Год, а может, два года спустя маленький Люк проснулся в широкой постели, такой высокой, что когда он спустил с нее ноги, они оказались на опасном расстоянии от пола. Он то ли сполз, то ли спрыгнул на холодный каменный пол и вышел из детской в крытый коридор, где, несмотря на горевший камин, было холодно, потому что стояли самые суровые дни зимы. Он был спокоен, но в то же время чувствовал, что кто-то движет им, кто-то словно проник в его сердце и ласково, но неумолимо направляет его – из постели в коридор, а оттуда, мимо спящего охранника, – к входу в покои отца.

К его удивлению, дверь была полуоткрыта – настолько, чтобы в щель мог пройти ребенок. Словно кто-то нарочно подстроил приход Люка.

В комнате находился отец. Он лежал один на широкой кровати с пуховой периной, покрытой медвежьими шкурами и прекрасными шерстяными одеялами. Затухающий огонь освещал комнату слабым оранжевым светом. В одном из кресел у кровати сидел верный слуга Филипп, в другом – Нана. Оба самозабвенно, по-стариковски храпели.

Люк на цыпочках подошел к кровати и вытянул шею, чтобы получше разглядеть отца. Лицо его было пугающе бледным и осунувшимся. На лбу и в рыжевато-золотистой щетине блестели капельки пота. Лицо казалось суровым, неприступным. Лоб был нахмурен, несмотря на то что отец был без сознания.

Но вот отец Люка пошевелился и застонал – тихо, слабо, тревожно. Его мучила боль, страшная боль. Несмотря на все усилия врачей, зияющая рана на ноге привела к заражению крови, которое, как все полагали, должно было его убить.

На рыцарском турнире в честь короля ему насквозь пронзили копьем бедро. Поль был самым умелым и опытным из рыцарей на этом турнире, и король избрал его своим фаворитом. Но он бросился в сражение, как безумный.

– Похоже на то, – шептались слуги, – что он хотел умереть…

Жалость, сострадание и обожание охватили Люка так сильно, что он едва устоял на ногах. Сам не сознавая, что делает, он залез на кровать и откинул одеяла, чтобы посмотреть на раненое отцовское бедро – все в намокших повязках и раздутое вдвое. Там, где не было бинтов, кожа была туго натянутой, блестящей, фиолетовой.

Зрелище было ужасным, не говоря о запахе, в котором были смешаны запах горчицы, гниющего мяса и пота, но Люк не испытывал страха. Лишь какой-то инстинкт двигал им, когда он положил свои ручки на горячую, влажную опухоль.

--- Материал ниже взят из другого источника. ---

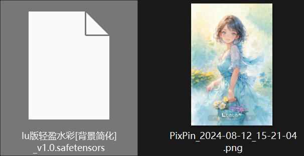 将 模型及详情页中的一张展示图片 下载下来,并命名一样的名字,以便SD将图片识别为该模型的封面图片: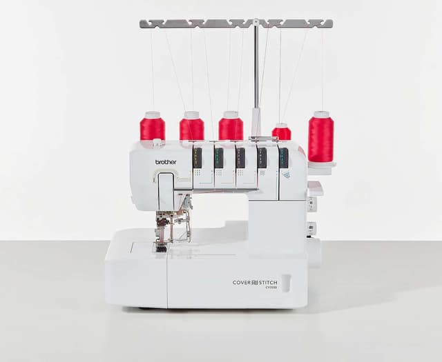 Brother CV3550 Coverstich inkludert 12mm kantbandsapparat. Eneste coverstitch som kan sy Top Cover søm. CV3550 fås med 8mm eller 12mm kantbåndsapparat. denne har 12mm. Den har og kan sy en rekke flatlocksømmer på mange ulike tekstil og stoff, både med dekorative og bruksvenlege sømmer. Funksjoner Coverstitch maskinen kan sy både med enkel, dobbel og trippelsøm, og både smale og breide sting, i tillegg til kjedesting. Eneste Coverstitch med TOP Cover søm, noen som gir 3 stingtypar fleir enn veslebroren CV3440, altså totalt 7. Den har ett ekstra stort arbeidsrom og med en veldig enkel og handy funksjon for justering av trådspenning. CV3550 har friarm, enkel trådkuttar og ett energisparande og skarpt LEDarbeidslys. Den sterke metallantenna sikrer stram og fin søm, og Brothers fargekoda tredning gjør det enkelt å komma igang med å sy. Top Cover søm Sy med opptil trippelsøm Stort arbeidsromFriarm Enkel trådspenningsutløyser LEDlys Trådkutter Hurtig tredning Trykkfotjustering Sterk tråderntenne Utstyr Med denne følger det med 12mm kantbandsapparat. Finst og i utgåve med 8mm kantbåndsapparat. I tillegg er det med nålsett, børste, instruksjonsbok m.m.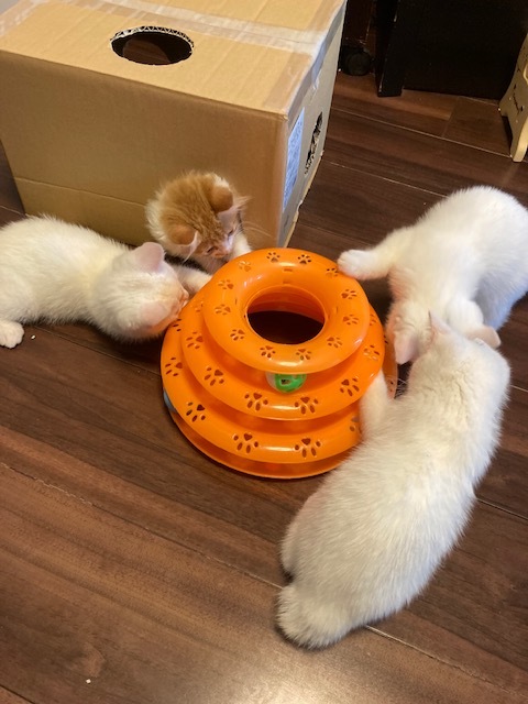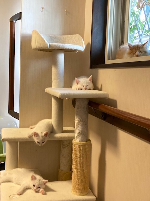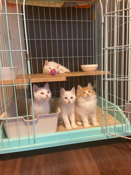 | 特徴(性格など) | 茶白のふわふわ長毛の男の子、白いまるまるした男の子♪ 白にチャームポイントの黒い小さな模様の女の子2匹♪♪ |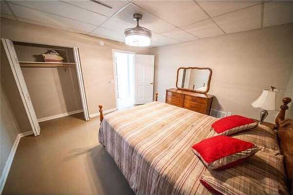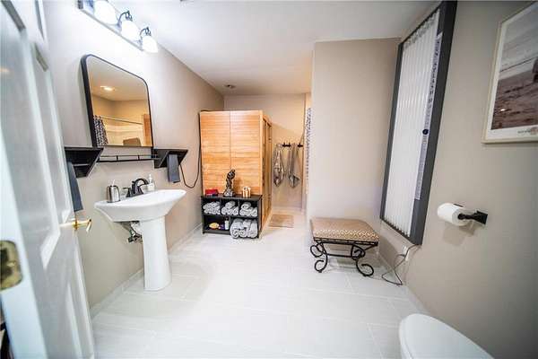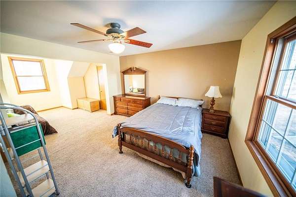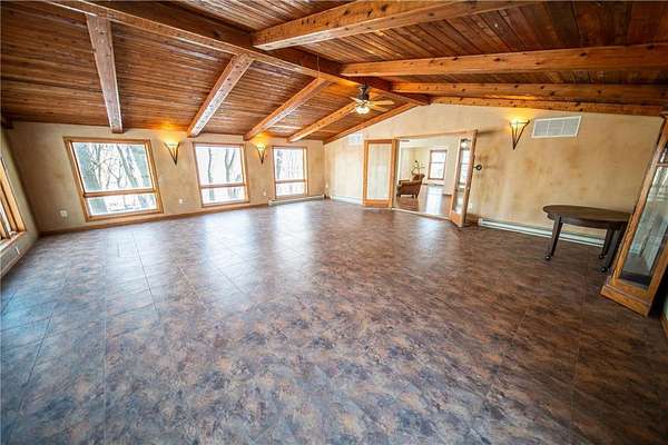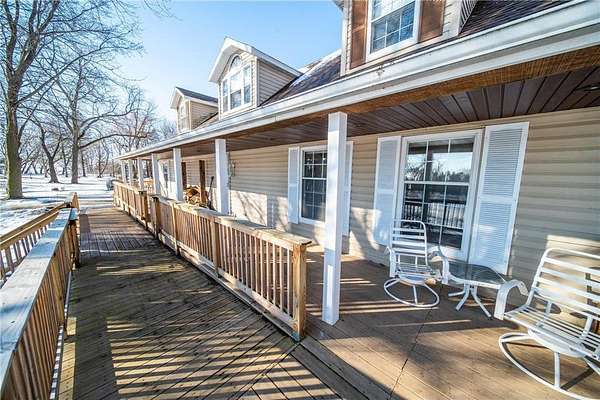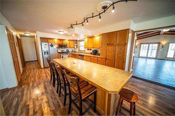 Experience the perfect blend of comfort, accessibility, and space in this exceptional 6-bedroom, 4-bath, over 5,000 sq ft two-story home set on 5 scenic acres. A wheelchair-accessible ramp leads to the front door, offering convenient, step-free entry and thoughtful design from the moment you arrive. Designed for both everyday living and effortless entertaining, the main level welcomes you with LVP flooring, a spacious living room anchored by a charming wood-burning fireplace, and an expansive kitchen offering abundant cabinetry, a generous center island, and stainless steel appliances. The primary suite serves as a serene retreat with its walk-in closet, electric fireplace, and beautifully tiled walk-in shower. A conveniently located half bath and a well-appointed laundry room with a washer and dryer complete the main level. One of the home's most captivating features is the stunning 26x26 sunroom--an inviting sanctuary filled with natural light. With double doors, a gas fireplace, a wood-beamed ceiling, and a patio walkout, this space creates a seamless transition to the outdoors and offers year-round comfort. Upstairs, three spacious bedrooms provide a peaceful escape, complemented by a full bathroom and exceptional storage in the bedrooms as well as two oversized hallway closets. The lower level enhances the home's versatility, featuring epoxy flooring, an electric fireplace, and a home theater setup complete with a movie projector. A full kitchenette with cherry and walnut cabinetry adds flexibility for hosting or multigenerational living. This level also includes a spa-like full bathroom with a two-person sauna and Sun Splash stand-up tanning booth, as well as valuable mechanical updates such as an on-demand water system (2024) and a new 50-gallon water heater (2025). Two additional bedrooms complete this functional and inviting space. An attached 1,044 sq ft garage with a large workbench provides exceptional storage and workspace. Outside, enjoy a beautiful deck with ramp access, a large garden area with 250 gal IBC (Intermediate Bulk Container) tanks, and the peaceful setting only acreage living can provide. This remarkable property offers space, luxury, and flexibility--an ideal retreat in a private, picturesque setting. Schedule your showing today!

И тут же испытал странное ощущение – ощущение жара и гула тысяч роящихся пчел, хлынувшего по всему его телу и побежавшего сквозь его руки в отцовскую рану. Ладошки становились все более горячими, а вибрации – все более сильными, а с ними появилось ощущение блаженства, столь глубокое, что он начал растворяться в нем и потерял ощущение времени. На самом деле ребенок оставался там до тех пор, пока нога под его ладонями не зашевелилась. Люк испуганно поднял глаза и увидел, что отец смотрит на него расширенными от изумления глазами.

– Люк, – прошептал он и медленно приподнялся на локтях. – Боже мой, Люк…

Мальчик проследил за отцовским взглядом и увидел, что перевязанная бинтами нога приобрела обычный объем. Опухоль спала, а кожа приобрела нормальный, здоровый оттенок и стала мягкой.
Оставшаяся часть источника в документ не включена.